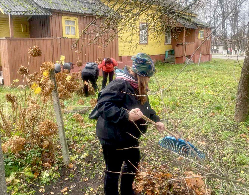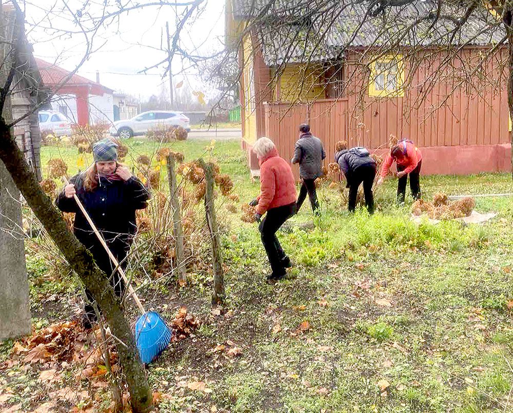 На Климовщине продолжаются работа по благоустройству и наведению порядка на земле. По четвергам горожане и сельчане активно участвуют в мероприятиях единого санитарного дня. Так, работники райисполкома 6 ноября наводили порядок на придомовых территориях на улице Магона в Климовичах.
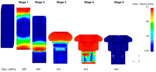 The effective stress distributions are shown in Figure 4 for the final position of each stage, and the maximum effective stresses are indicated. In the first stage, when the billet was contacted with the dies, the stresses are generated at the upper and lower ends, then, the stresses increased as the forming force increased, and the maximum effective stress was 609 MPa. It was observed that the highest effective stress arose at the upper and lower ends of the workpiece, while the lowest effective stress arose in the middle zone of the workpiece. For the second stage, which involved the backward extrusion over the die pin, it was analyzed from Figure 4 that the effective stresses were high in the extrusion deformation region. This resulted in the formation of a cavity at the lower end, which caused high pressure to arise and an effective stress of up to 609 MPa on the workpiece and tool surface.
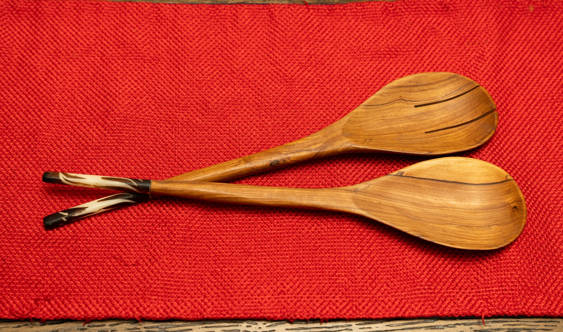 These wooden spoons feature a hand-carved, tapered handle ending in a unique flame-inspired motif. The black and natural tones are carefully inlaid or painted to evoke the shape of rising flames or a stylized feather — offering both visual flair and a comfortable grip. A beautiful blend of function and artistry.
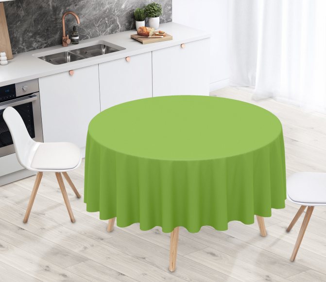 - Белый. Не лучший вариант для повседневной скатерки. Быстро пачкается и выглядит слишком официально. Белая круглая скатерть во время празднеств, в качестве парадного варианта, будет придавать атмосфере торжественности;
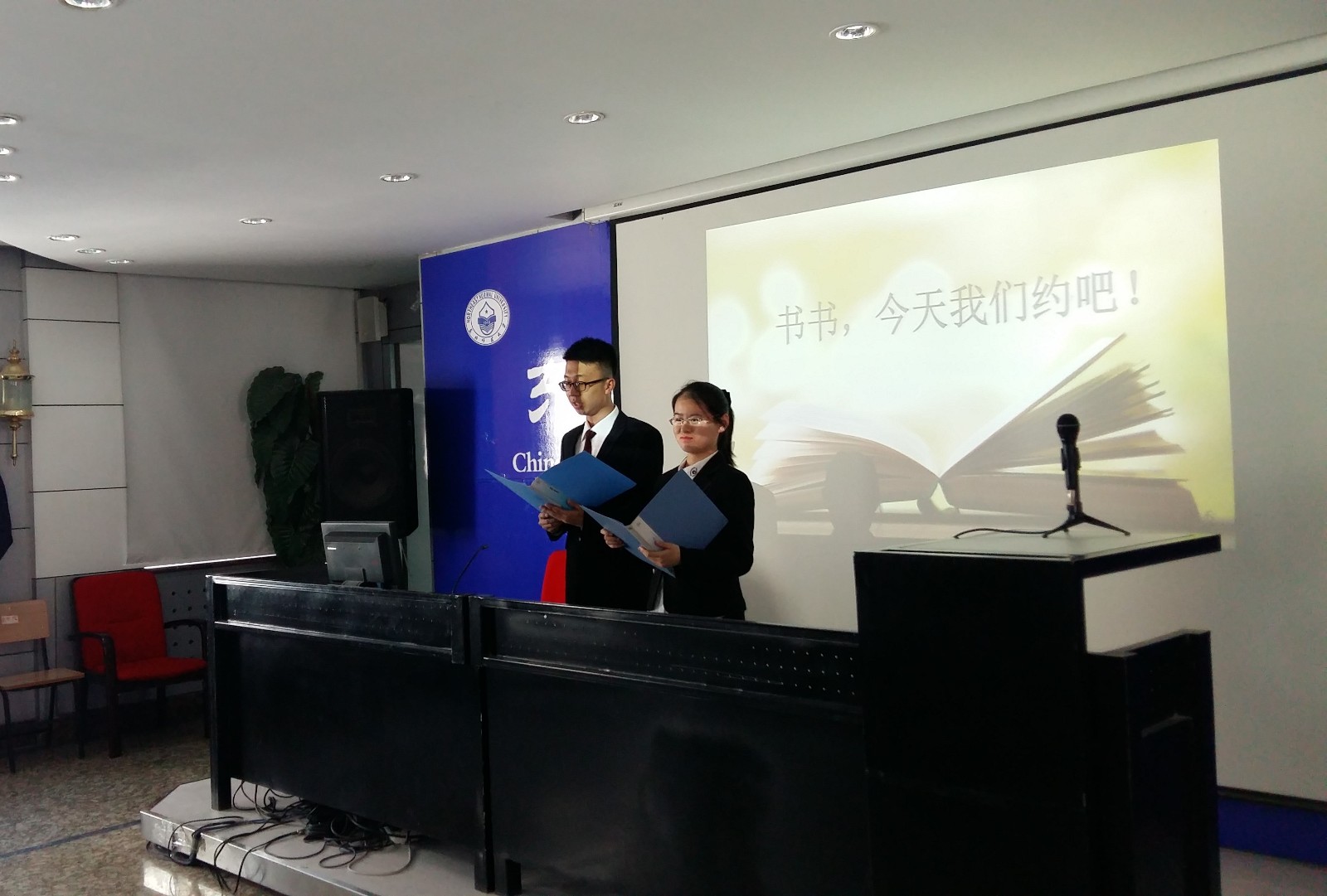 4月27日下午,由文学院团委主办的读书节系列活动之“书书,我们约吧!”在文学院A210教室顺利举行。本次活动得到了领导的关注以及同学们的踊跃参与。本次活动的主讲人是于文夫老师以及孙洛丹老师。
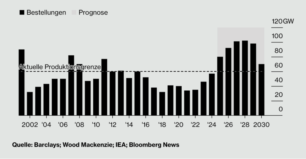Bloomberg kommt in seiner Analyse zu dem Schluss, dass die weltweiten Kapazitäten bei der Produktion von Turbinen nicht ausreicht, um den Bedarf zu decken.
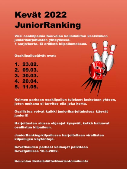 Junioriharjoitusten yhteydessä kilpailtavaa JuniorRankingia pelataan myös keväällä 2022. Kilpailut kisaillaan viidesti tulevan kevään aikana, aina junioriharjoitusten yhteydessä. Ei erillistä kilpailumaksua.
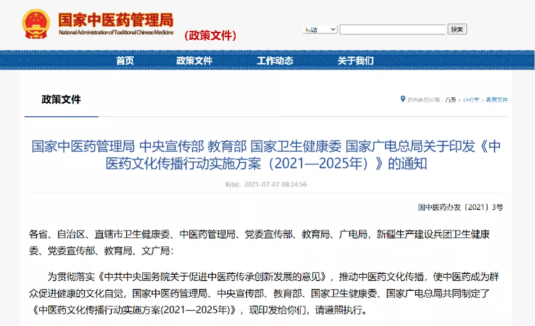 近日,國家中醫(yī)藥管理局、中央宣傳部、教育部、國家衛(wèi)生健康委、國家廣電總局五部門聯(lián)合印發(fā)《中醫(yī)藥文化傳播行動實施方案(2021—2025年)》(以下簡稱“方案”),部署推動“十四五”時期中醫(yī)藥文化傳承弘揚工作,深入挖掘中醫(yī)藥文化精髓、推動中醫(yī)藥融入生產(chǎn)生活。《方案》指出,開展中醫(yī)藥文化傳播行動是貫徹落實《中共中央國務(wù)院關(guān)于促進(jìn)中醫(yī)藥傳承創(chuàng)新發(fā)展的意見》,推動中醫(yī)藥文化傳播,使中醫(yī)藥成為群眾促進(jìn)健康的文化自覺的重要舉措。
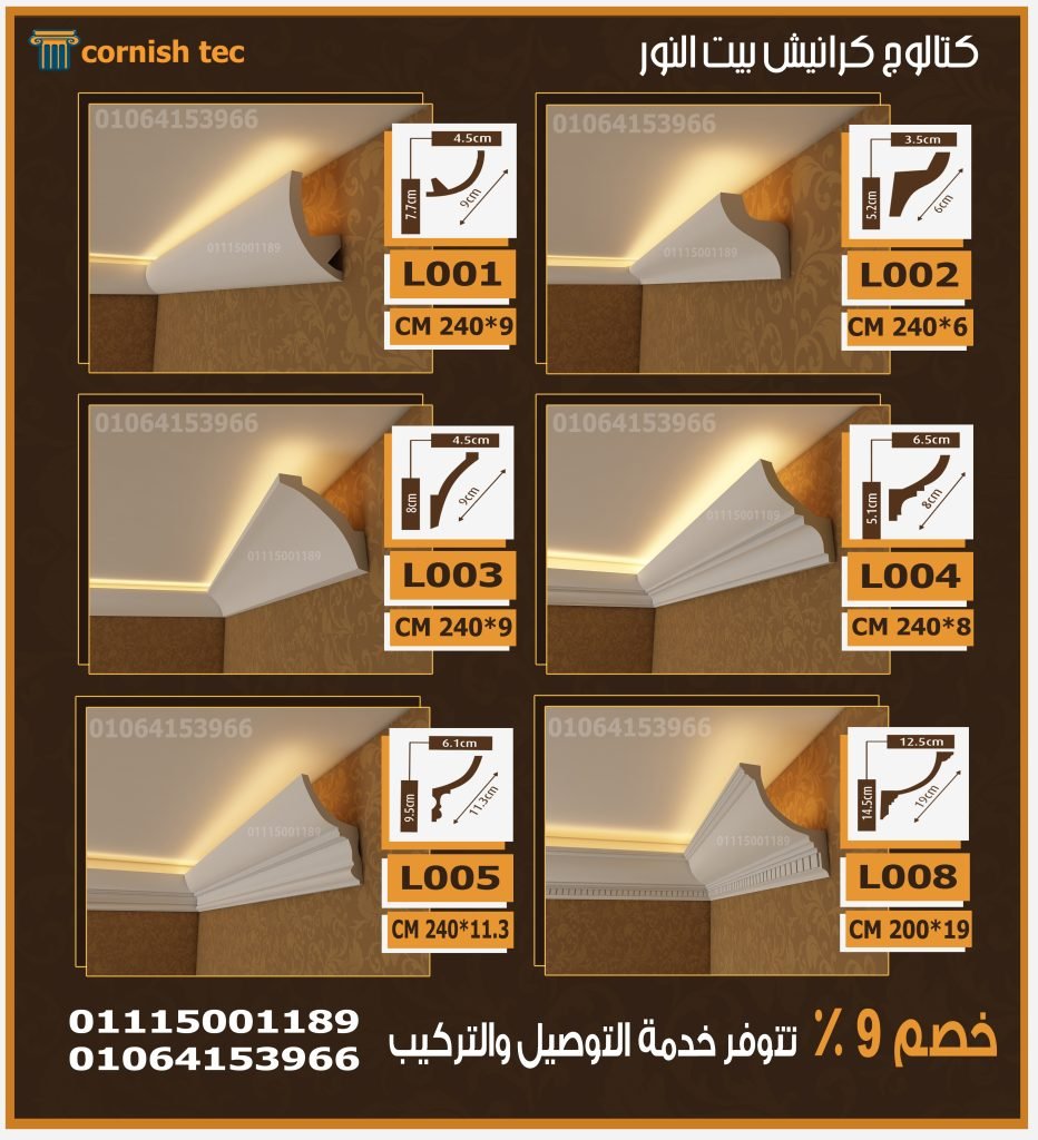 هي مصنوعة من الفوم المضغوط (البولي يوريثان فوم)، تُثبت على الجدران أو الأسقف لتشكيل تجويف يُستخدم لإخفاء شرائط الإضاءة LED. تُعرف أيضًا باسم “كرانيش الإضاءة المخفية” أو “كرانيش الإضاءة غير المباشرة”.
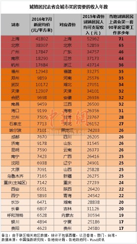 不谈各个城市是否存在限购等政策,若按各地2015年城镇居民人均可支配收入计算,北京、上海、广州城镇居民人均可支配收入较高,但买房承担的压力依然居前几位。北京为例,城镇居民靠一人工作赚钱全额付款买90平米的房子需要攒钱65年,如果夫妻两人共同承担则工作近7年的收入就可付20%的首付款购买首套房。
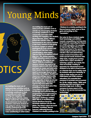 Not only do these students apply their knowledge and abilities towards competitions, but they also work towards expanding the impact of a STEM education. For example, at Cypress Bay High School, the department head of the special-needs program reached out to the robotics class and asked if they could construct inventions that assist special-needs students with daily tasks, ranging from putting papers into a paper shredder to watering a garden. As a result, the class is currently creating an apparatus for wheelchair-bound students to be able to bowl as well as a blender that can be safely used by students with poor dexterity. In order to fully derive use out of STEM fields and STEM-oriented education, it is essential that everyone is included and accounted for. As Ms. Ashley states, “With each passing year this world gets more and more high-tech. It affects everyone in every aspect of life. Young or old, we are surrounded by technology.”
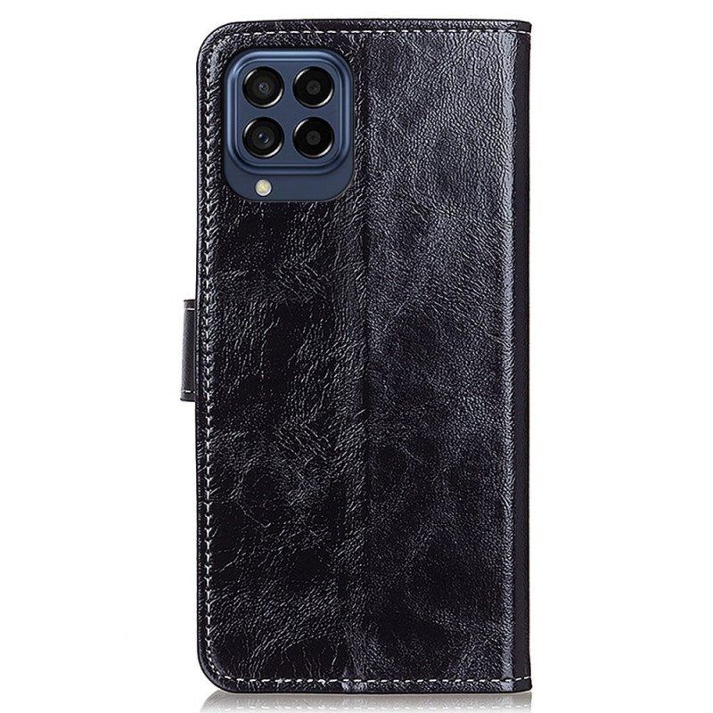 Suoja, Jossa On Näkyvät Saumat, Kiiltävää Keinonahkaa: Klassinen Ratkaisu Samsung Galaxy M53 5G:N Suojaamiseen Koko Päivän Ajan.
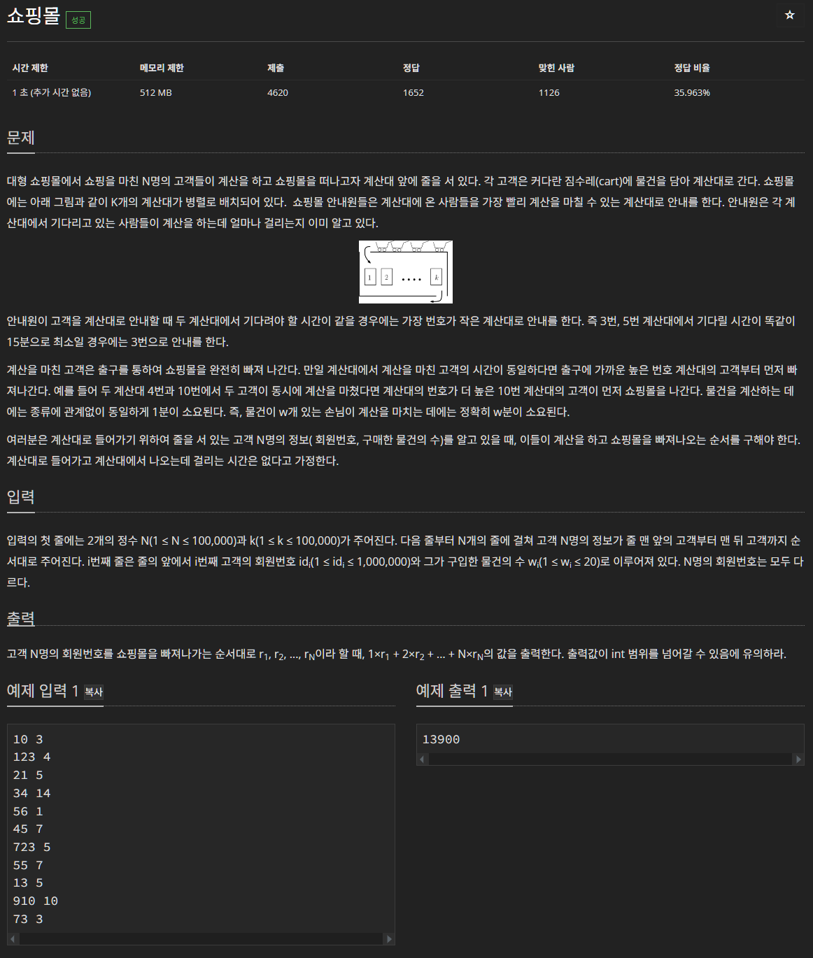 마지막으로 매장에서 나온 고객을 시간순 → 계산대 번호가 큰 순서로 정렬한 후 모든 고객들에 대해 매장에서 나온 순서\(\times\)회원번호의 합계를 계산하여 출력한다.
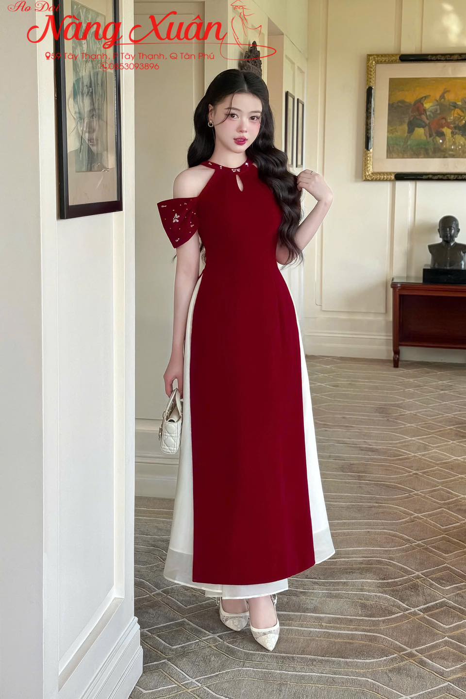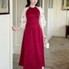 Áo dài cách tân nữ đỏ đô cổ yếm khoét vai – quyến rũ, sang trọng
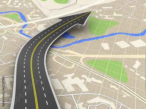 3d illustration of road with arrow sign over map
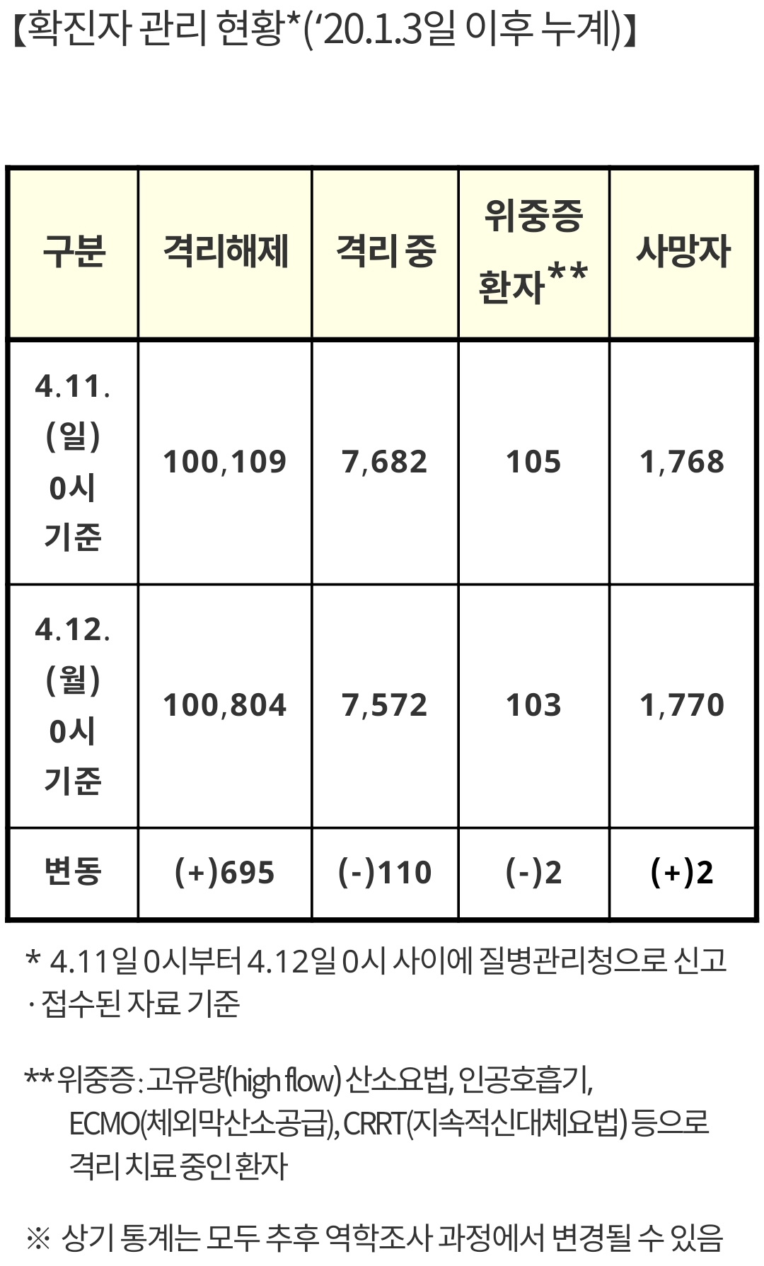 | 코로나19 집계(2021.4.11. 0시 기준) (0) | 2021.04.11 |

» **Goal of the exercise**
The data above is to be printed exactly, all of it, except for the pictures.

» **Answer section**
 На Климовщине продолжаются работа по благоустройству и наведению порядка на земле. По четвергам горожане и сельчане активно участвуют в мероприятиях единого санитарного дня. Так, работники райисполкома 6 ноября наводили порядок на придомовых территориях на улице Магона в Климовичах.
 The effective stress distributions are shown in Figure 4 for the final position of each stage, and the maximum effective stresses are indicated. In the first stage, when the billet was contacted with the dies, the stresses are generated at the upper and lower ends, then, the stresses increased as the forming force increased, and the maximum effective stress was 609 MPa. It was observed that the highest effective stress arose at the upper and lower ends of the workpiece, while the lowest effective stress arose in the middle zone of the workpiece. For the second stage, which involved the backward extrusion over the die pin, it was analyzed from Figure 4 that the effective stresses were high in the extrusion deformation region. This resulted in the formation of a cavity at the lower end, which caused high pressure to arise and an effective stress of up to 609 MPa on the workpiece and tool surface.
 These wooden spoons feature a hand-carved, tapered handle ending in a unique flame-inspired motif. The black and natural tones are carefully inlaid or painted to evoke the shape of rising flames or a stylized feather — offering both visual flair and a comfortable grip. A beautiful blend of function and artistry.
 - Белый. Не лучший вариант для повседневной скатерки. Быстро пачкается и выглядит слишком официально. Белая круглая скатерть во время празднеств, в качестве парадного варианта, будет придавать атмосфере торжественности;
 4月27日下午,由文学院团委主办的读书节系列活动之“书书,我们约吧!”在文学院A210教室顺利举行。本次活动得到了领导的关注以及同学们的踊跃参与。本次活动的主讲人是于文夫老师以及孙洛丹老师。
Bloomberg kommt in seiner Analyse zu dem Schluss, dass die weltweiten Kapazitäten bei der Produktion von Turbinen nicht ausreicht, um den Bedarf zu decken.
 Junioriharjoitusten yhteydessä kilpailtavaa JuniorRankingia pelataan myös keväällä 2022. Kilpailut kisaillaan viidesti tulevan kevään aikana, aina junioriharjoitusten yhteydessä. Ei erillistä kilpailumaksua.
 近日,國家中醫(yī)藥管理局、中央宣傳部、教育部、國家衛(wèi)生健康委、國家廣電總局五部門聯(lián)合印發(fā)《中醫(yī)藥文化傳播行動實施方案(2021—2025年)》(以下簡稱“方案”),部署推動“十四五”時期中醫(yī)藥文化傳承弘揚工作,深入挖掘中醫(yī)藥文化精髓、推動中醫(yī)藥融入生產(chǎn)生活。《方案》指出,開展中醫(yī)藥文化傳播行動是貫徹落實《中共中央國務(wù)院關(guān)于促進(jìn)中醫(yī)藥傳承創(chuàng)新發(fā)展的意見》,推動中醫(yī)藥文化傳播,使中醫(yī)藥成為群眾促進(jìn)健康的文化自覺的重要舉措。
 هي مصنوعة من الفوم المضغوط (البولي يوريثان فوم)، تُثبت على الجدران أو الأسقف لتشكيل تجويف يُستخدم لإخفاء شرائط الإضاءة LED. تُعرف أيضًا باسم “كرانيش الإضاءة المخفية” أو “كرانيش الإضاءة غير المباشرة”.
 不谈各个城市是否存在限购等政策,若按各地2015年城镇居民人均可支配收入计算,北京、上海、广州城镇居民人均可支配收入较高,但买房承担的压力依然居前几位。北京为例,城镇居民靠一人工作赚钱全额付款买90平米的房子需要攒钱65年,如果夫妻两人共同承担则工作近7年的收入就可付20%的首付款购买首套房。
 Not only do these students apply their knowledge and abilities towards competitions, but they also work towards expanding the impact of a STEM education. For example, at Cypress Bay High School, the department head of the special-needs program reached out to the robotics class and asked if they could construct inventions that assist special-needs students with daily tasks, ranging from putting papers into a paper shredder to watering a garden. As a result, the class is currently creating an apparatus for wheelchair-bound students to be able to bowl as well as a blender that can be safely used by students with poor dexterity. In order to fully derive use out of STEM fields and STEM-oriented education, it is essential that everyone is included and accounted for. As Ms. Ashley states, “With each passing year this world gets more and more high-tech. It affects everyone in every aspect of life. Young or old, we are surrounded by technology.”
 Suoja, Jossa On Näkyvät Saumat, Kiiltävää Keinonahkaa: Klassinen Ratkaisu Samsung Galaxy M53 5G:N Suojaamiseen Koko Päivän Ajan.
 마지막으로 매장에서 나온 고객을 시간순 → 계산대 번호가 큰 순서로 정렬한 후 모든 고객들에 대해 매장에서 나온 순서\(\times\)회원번호의 합계를 계산하여 출력한다.
 Áo dài cách tân nữ đỏ đô cổ yếm khoét vai – quyến rũ, sang trọng
 3d illustration of road with arrow sign over map
 | 코로나19 집계(2021.4.11. 0시 기준) (0) | 2021.04.11 |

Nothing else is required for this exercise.